What the task requires
Restate the entries below in full, exactly as they read, but without pictures.

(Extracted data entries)
━━━━━━━━━━━━━━━━
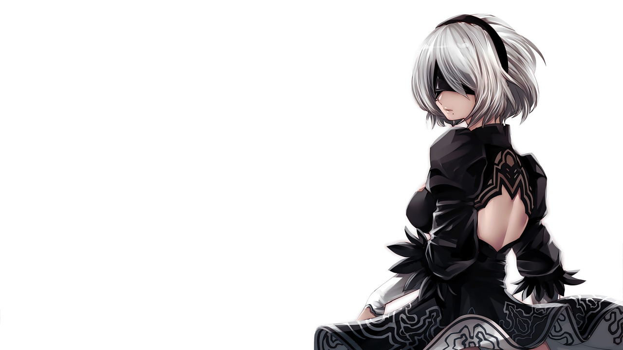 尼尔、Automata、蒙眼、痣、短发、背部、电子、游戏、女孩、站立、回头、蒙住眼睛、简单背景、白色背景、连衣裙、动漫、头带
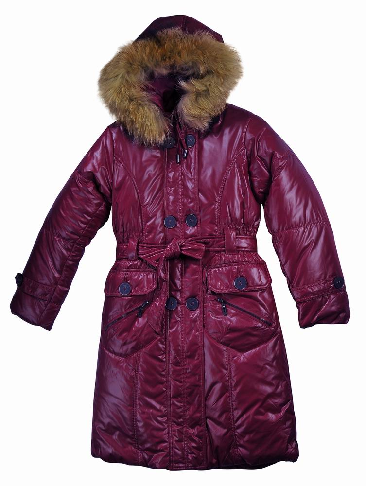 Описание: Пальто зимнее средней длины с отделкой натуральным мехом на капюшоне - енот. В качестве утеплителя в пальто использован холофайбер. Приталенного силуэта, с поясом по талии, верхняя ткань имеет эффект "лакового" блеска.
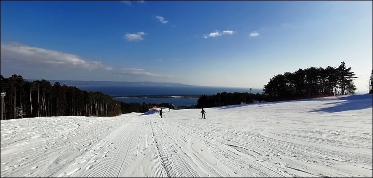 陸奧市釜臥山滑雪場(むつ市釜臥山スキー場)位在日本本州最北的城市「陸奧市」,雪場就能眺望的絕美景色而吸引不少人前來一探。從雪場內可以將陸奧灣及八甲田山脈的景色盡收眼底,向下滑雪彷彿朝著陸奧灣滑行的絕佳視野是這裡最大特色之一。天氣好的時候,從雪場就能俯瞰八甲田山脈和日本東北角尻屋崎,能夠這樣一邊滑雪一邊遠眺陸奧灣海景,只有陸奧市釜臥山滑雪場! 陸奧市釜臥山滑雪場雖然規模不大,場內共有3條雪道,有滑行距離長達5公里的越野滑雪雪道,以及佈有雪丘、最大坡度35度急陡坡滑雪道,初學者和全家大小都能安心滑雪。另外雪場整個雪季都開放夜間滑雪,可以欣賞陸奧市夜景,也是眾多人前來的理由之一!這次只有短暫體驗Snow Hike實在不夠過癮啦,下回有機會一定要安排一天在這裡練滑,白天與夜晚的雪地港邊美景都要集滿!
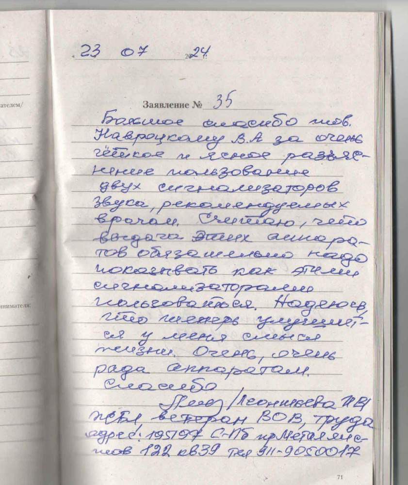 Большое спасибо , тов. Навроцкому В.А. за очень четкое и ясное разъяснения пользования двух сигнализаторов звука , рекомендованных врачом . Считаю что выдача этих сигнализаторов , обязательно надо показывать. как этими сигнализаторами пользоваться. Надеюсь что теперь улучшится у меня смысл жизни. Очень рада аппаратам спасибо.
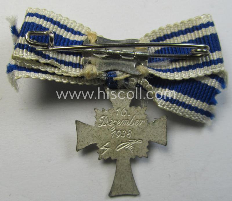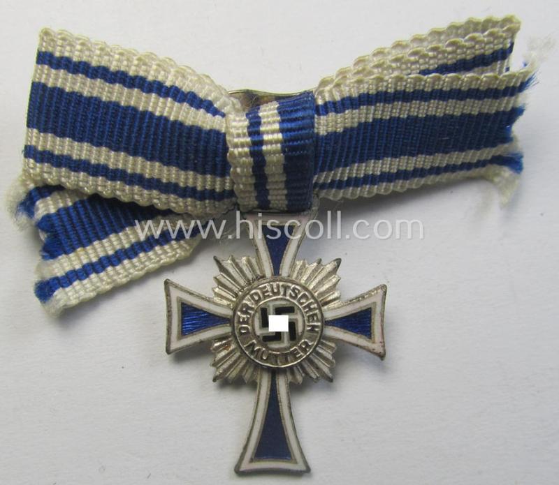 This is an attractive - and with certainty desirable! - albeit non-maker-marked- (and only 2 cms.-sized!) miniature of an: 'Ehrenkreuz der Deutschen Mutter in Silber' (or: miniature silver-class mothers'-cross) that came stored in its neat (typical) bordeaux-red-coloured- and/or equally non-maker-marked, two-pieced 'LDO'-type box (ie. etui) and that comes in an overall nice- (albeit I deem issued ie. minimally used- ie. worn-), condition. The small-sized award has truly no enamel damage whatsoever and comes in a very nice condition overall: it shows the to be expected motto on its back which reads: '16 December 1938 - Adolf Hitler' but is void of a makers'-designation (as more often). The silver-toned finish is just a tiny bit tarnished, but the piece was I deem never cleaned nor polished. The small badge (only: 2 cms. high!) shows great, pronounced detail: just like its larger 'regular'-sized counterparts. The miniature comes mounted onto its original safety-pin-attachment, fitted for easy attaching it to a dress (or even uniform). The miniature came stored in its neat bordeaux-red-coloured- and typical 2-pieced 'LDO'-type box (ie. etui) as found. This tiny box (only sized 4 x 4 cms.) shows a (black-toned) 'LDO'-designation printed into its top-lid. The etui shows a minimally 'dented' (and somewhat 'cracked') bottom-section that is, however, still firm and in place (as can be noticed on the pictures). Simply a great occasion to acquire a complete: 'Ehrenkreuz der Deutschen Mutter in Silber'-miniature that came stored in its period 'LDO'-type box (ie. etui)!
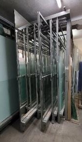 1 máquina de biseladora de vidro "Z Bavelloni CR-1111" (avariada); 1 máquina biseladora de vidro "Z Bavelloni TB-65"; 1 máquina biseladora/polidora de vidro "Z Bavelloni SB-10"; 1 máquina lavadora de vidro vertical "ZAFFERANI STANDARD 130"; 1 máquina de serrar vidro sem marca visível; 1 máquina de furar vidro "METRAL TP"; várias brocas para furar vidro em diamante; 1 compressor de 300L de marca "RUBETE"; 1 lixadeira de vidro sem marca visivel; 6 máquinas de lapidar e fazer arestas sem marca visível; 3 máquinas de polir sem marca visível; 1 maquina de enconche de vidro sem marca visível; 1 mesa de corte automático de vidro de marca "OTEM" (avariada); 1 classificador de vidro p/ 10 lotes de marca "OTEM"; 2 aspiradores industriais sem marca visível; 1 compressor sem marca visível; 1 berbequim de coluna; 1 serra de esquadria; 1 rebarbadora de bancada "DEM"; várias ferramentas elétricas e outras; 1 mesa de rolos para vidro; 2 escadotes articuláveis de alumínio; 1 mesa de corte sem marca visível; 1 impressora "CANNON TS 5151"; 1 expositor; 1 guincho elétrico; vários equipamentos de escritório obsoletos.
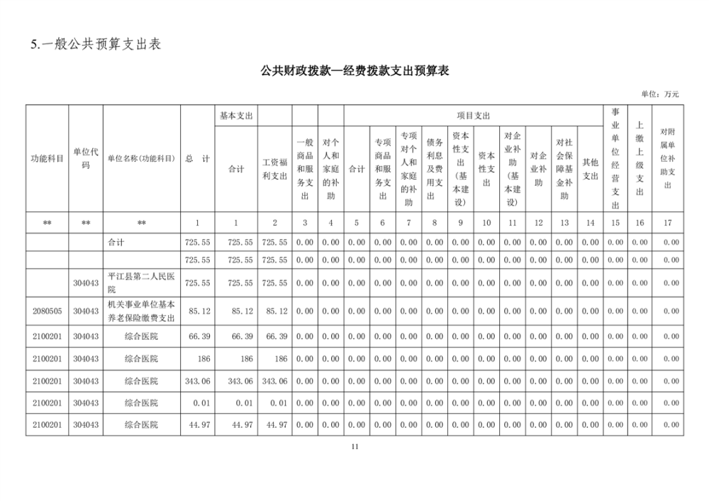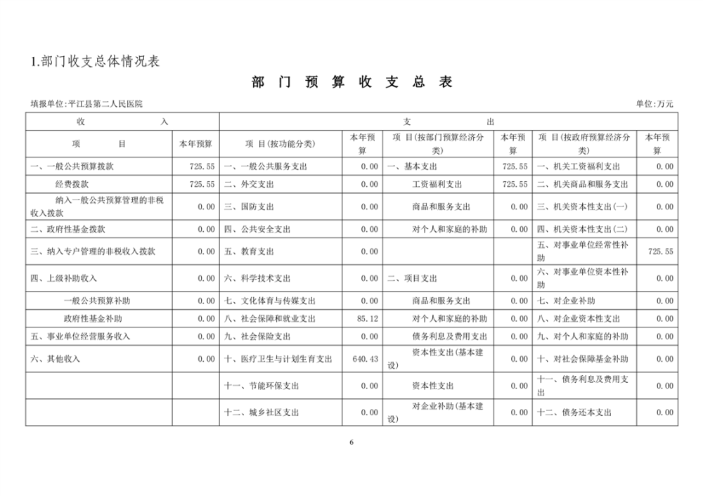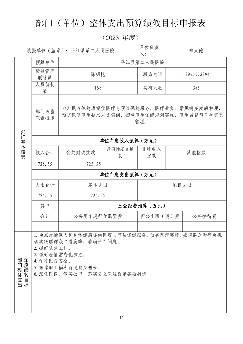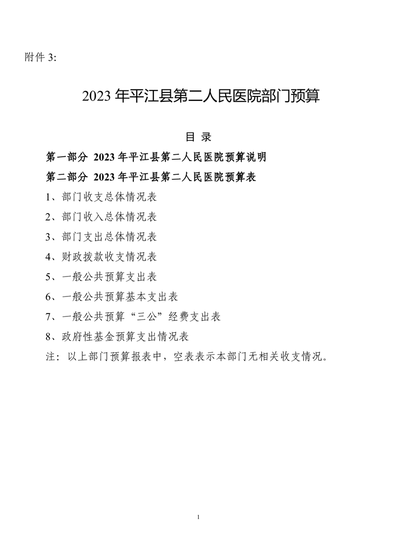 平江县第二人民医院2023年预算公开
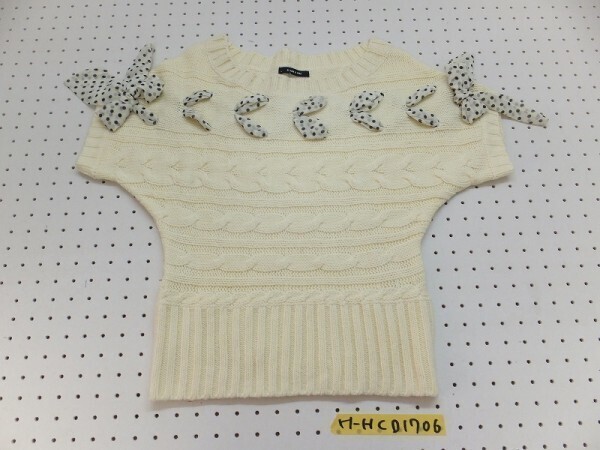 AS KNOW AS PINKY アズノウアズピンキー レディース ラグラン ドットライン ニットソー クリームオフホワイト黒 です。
━━━━━━━━━━━━━━━━
Answer space
 尼尔、Automata、蒙眼、痣、短发、背部、电子、游戏、女孩、站立、回头、蒙住眼睛、简单背景、白色背景、连衣裙、动漫、头带
 Описание: Пальто зимнее средней длины с отделкой натуральным мехом на капюшоне - енот. В качестве утеплителя в пальто использован холофайбер. Приталенного силуэта, с поясом по талии, верхняя ткань имеет эффект "лакового" блеска.
 陸奧市釜臥山滑雪場(むつ市釜臥山スキー場)位在日本本州最北的城市「陸奧市」,雪場就能眺望的絕美景色而吸引不少人前來一探。從雪場內可以將陸奧灣及八甲田山脈的景色盡收眼底,向下滑雪彷彿朝著陸奧灣滑行的絕佳視野是這裡最大特色之一。天氣好的時候,從雪場就能俯瞰八甲田山脈和日本東北角尻屋崎,能夠這樣一邊滑雪一邊遠眺陸奧灣海景,只有陸奧市釜臥山滑雪場! 陸奧市釜臥山滑雪場雖然規模不大,場內共有3條雪道,有滑行距離長達5公里的越野滑雪雪道,以及佈有雪丘、最大坡度35度急陡坡滑雪道,初學者和全家大小都能安心滑雪。另外雪場整個雪季都開放夜間滑雪,可以欣賞陸奧市夜景,也是眾多人前來的理由之一!這次只有短暫體驗Snow Hike實在不夠過癮啦,下回有機會一定要安排一天在這裡練滑,白天與夜晚的雪地港邊美景都要集滿!
 Большое спасибо , тов. Навроцкому В.А. за очень четкое и ясное разъяснения пользования двух сигнализаторов звука , рекомендованных врачом . Считаю что выдача этих сигнализаторов , обязательно надо показывать. как этими сигнализаторами пользоваться. Надеюсь что теперь улучшится у меня смысл жизни. Очень рада аппаратам спасибо.
 This is an attractive - and with certainty desirable! - albeit non-maker-marked- (and only 2 cms.-sized!) miniature of an: 'Ehrenkreuz der Deutschen Mutter in Silber' (or: miniature silver-class mothers'-cross) that came stored in its neat (typical) bordeaux-red-coloured- and/or equally non-maker-marked, two-pieced 'LDO'-type box (ie. etui) and that comes in an overall nice- (albeit I deem issued ie. minimally used- ie. worn-), condition. The small-sized award has truly no enamel damage whatsoever and comes in a very nice condition overall: it shows the to be expected motto on its back which reads: '16 December 1938 - Adolf Hitler' but is void of a makers'-designation (as more often). The silver-toned finish is just a tiny bit tarnished, but the piece was I deem never cleaned nor polished. The small badge (only: 2 cms. high!) shows great, pronounced detail: just like its larger 'regular'-sized counterparts. The miniature comes mounted onto its original safety-pin-attachment, fitted for easy attaching it to a dress (or even uniform). The miniature came stored in its neat bordeaux-red-coloured- and typical 2-pieced 'LDO'-type box (ie. etui) as found. This tiny box (only sized 4 x 4 cms.) shows a (black-toned) 'LDO'-designation printed into its top-lid. The etui shows a minimally 'dented' (and somewhat 'cracked') bottom-section that is, however, still firm and in place (as can be noticed on the pictures). Simply a great occasion to acquire a complete: 'Ehrenkreuz der Deutschen Mutter in Silber'-miniature that came stored in its period 'LDO'-type box (ie. etui)!
 1 máquina de biseladora de vidro "Z Bavelloni CR-1111" (avariada); 1 máquina biseladora de vidro "Z Bavelloni TB-65"; 1 máquina biseladora/polidora de vidro "Z Bavelloni SB-10"; 1 máquina lavadora de vidro vertical "ZAFFERANI STANDARD 130"; 1 máquina de serrar vidro sem marca visível; 1 máquina de furar vidro "METRAL TP"; várias brocas para furar vidro em diamante; 1 compressor de 300L de marca "RUBETE"; 1 lixadeira de vidro sem marca visivel; 6 máquinas de lapidar e fazer arestas sem marca visível; 3 máquinas de polir sem marca visível; 1 maquina de enconche de vidro sem marca visível; 1 mesa de corte automático de vidro de marca "OTEM" (avariada); 1 classificador de vidro p/ 10 lotes de marca "OTEM"; 2 aspiradores industriais sem marca visível; 1 compressor sem marca visível; 1 berbequim de coluna; 1 serra de esquadria; 1 rebarbadora de bancada "DEM"; várias ferramentas elétricas e outras; 1 mesa de rolos para vidro; 2 escadotes articuláveis de alumínio; 1 mesa de corte sem marca visível; 1 impressora "CANNON TS 5151"; 1 expositor; 1 guincho elétrico; vários equipamentos de escritório obsoletos.
 平江县第二人民医院2023年预算公开
 AS KNOW AS PINKY アズノウアズピンキー レディース ラグラン ドットライン ニットソー クリームオフホワイト黒 です。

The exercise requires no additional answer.